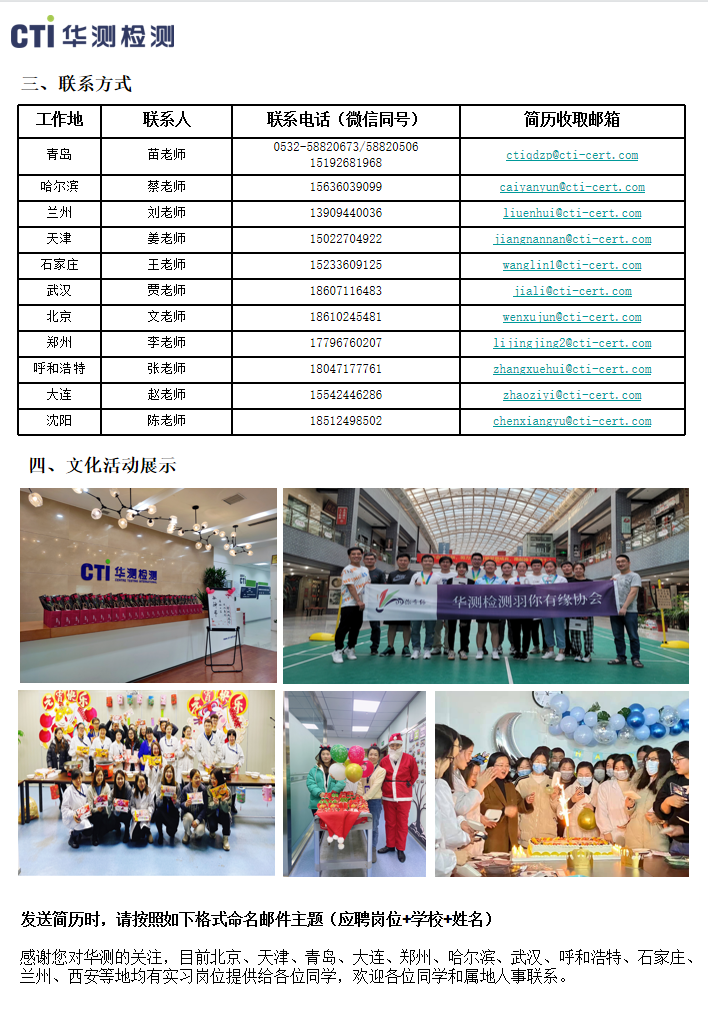 华测检测认证集团股份有限公司 2022年北方区实习生招聘简章
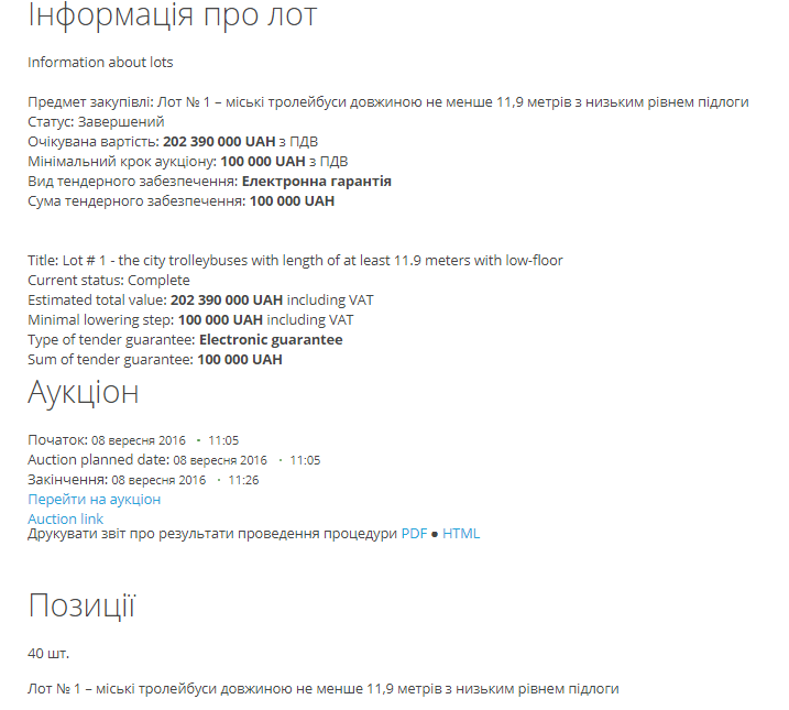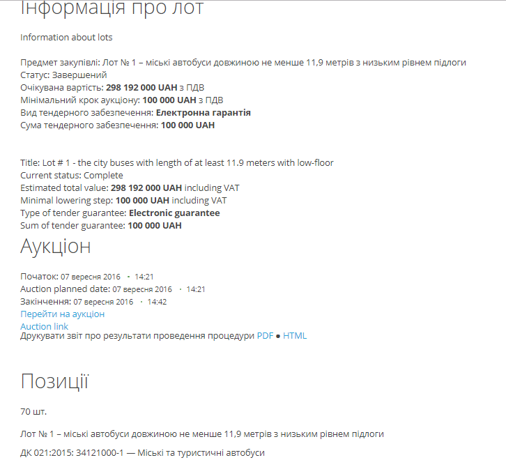 В первом лоте предлагалось 298,192 миллиона гривен за 70 городских низкопольных автобусов. На аукцион подались две связанные между собой фирмы - дочернее предприятие "Автоскладальный завод №1" компании "Богдан" и ООО "МАЗтранссервис". В этом тендере победила фирма "МАЗтранссервис" с предложением 290,22 миллиона гривен. Снижение цены в тендере составило менее семи миллионов гривен, а цена одного автобуса превысила 4,1 миллион гривен.
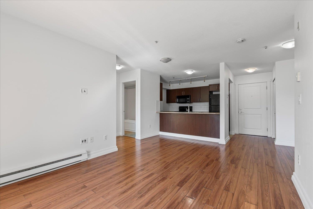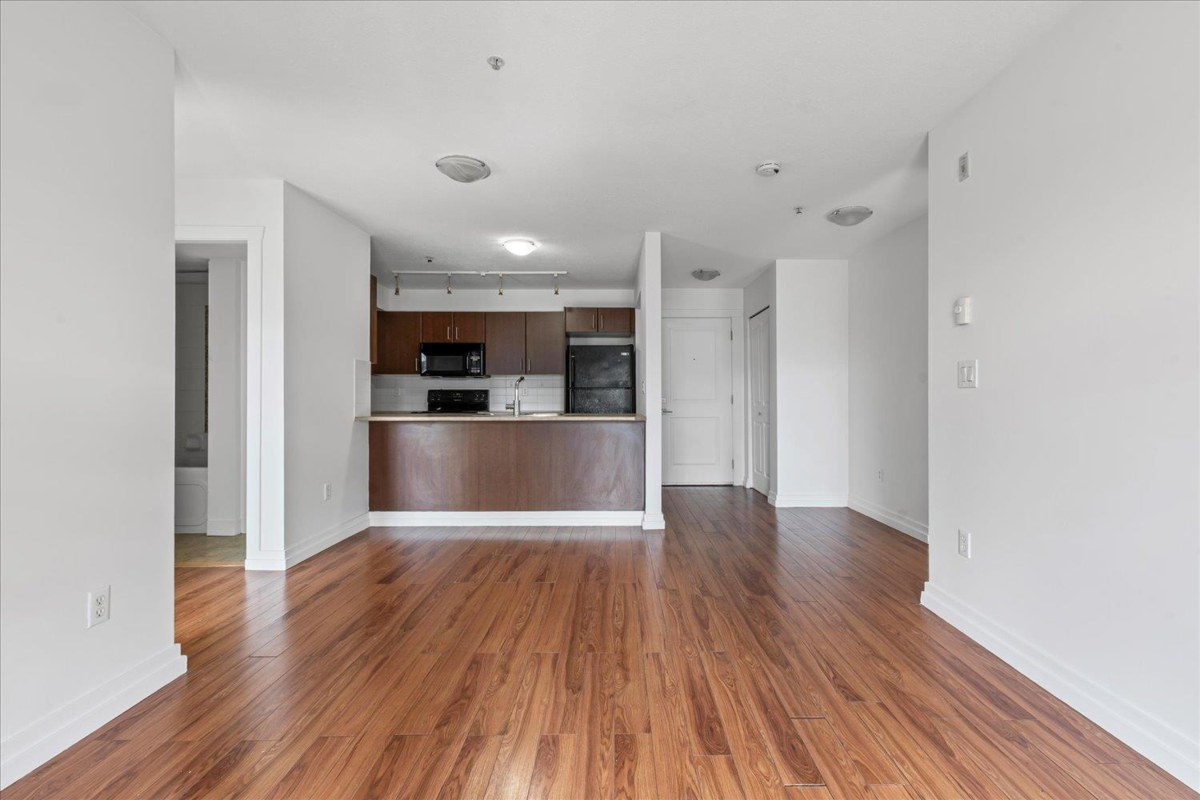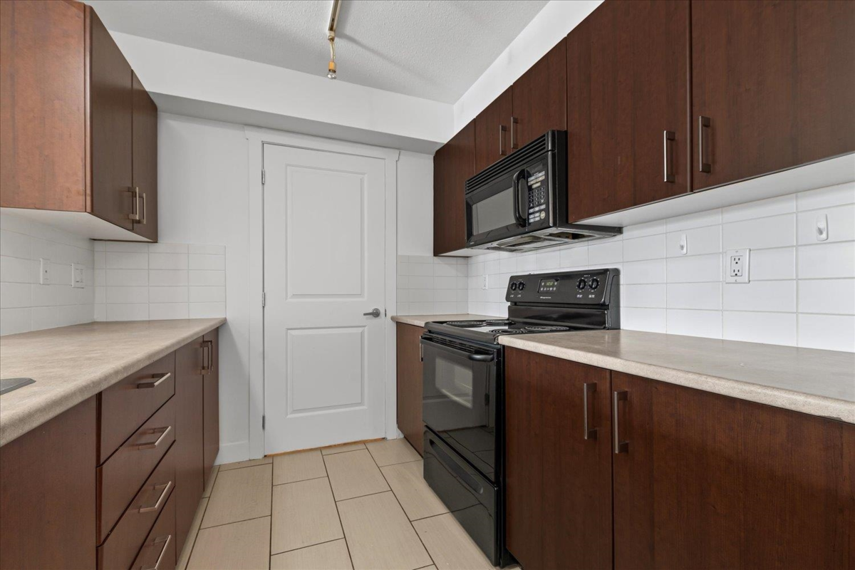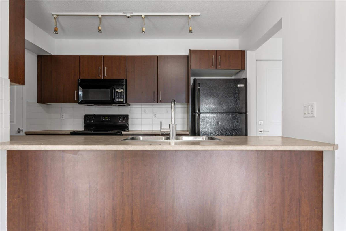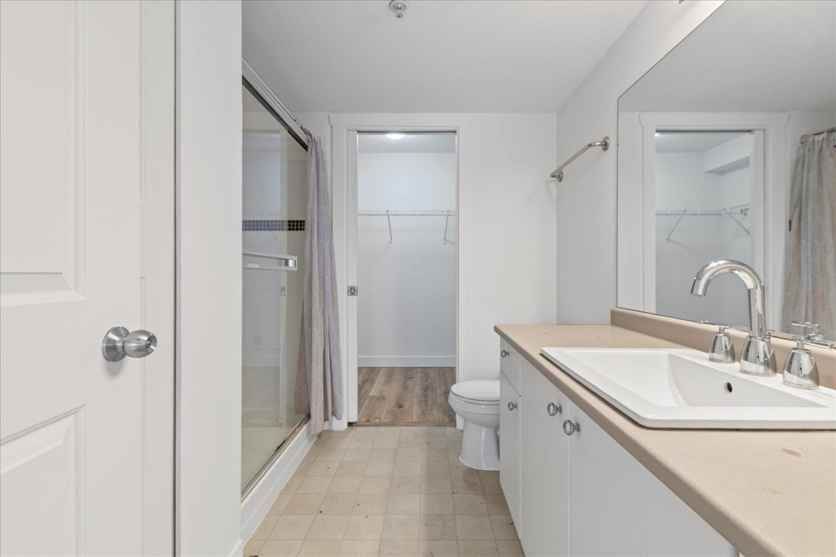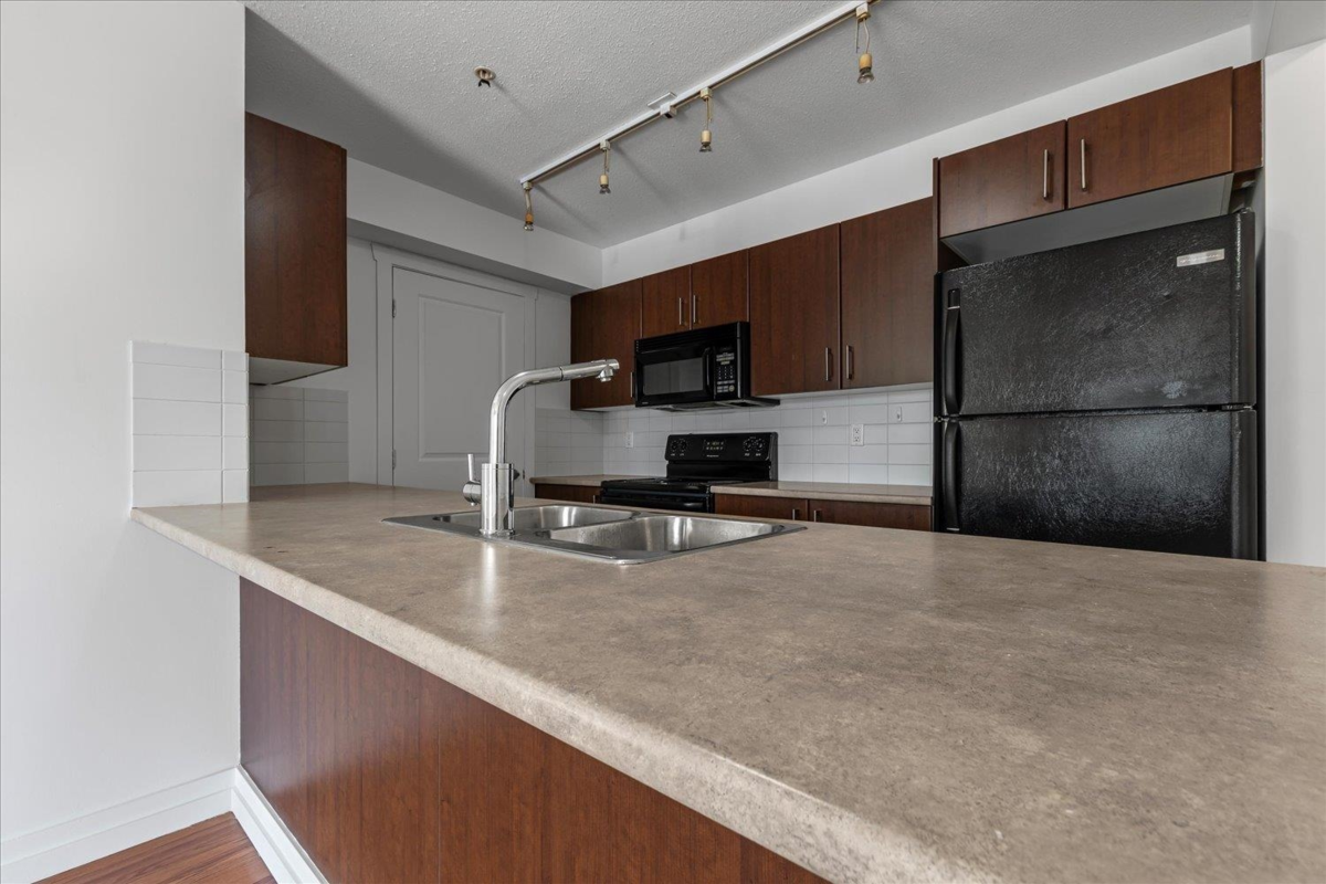 Welcome to The Vibe! This main floor 2 bed, 2 bath condo offers a bright and functional layout with bedrooms on opposite sides for privacy. Features include an open kitchen with eating bar, in-suite laundry, and a spacious patio with easy access. The well-maintained building includes secure underground parking, storage locker, and a fitness room. Convenient location near shopping, dining, and easy highway access. Ideal for first-time buyers or investors. Rentals allowed, pets welcome with restrictions.

━━━

• **PROBLEM TO WORK ON**
Could the data be reproduced exactly, with the pictures omitted?

• **REPLY**
 华测检测认证集团股份有限公司 2022年北方区实习生招聘简章
 В первом лоте предлагалось 298,192 миллиона гривен за 70 городских низкопольных автобусов. На аукцион подались две связанные между собой фирмы - дочернее предприятие "Автоскладальный завод №1" компании "Богдан" и ООО "МАЗтранссервис". В этом тендере победила фирма "МАЗтранссервис" с предложением 290,22 миллиона гривен. Снижение цены в тендере составило менее семи миллионов гривен, а цена одного автобуса превысила 4,1 миллион гривен.
 Welcome to The Vibe! This main floor 2 bed, 2 bath condo offers a bright and functional layout with bedrooms on opposite sides for privacy. Features include an open kitchen with eating bar, in-suite laundry, and a spacious patio with easy access. The well-maintained building includes secure underground parking, storage locker, and a fitness room. Convenient location near shopping, dining, and easy highway access. Ideal for first-time buyers or investors. Rentals allowed, pets welcome with restrictions.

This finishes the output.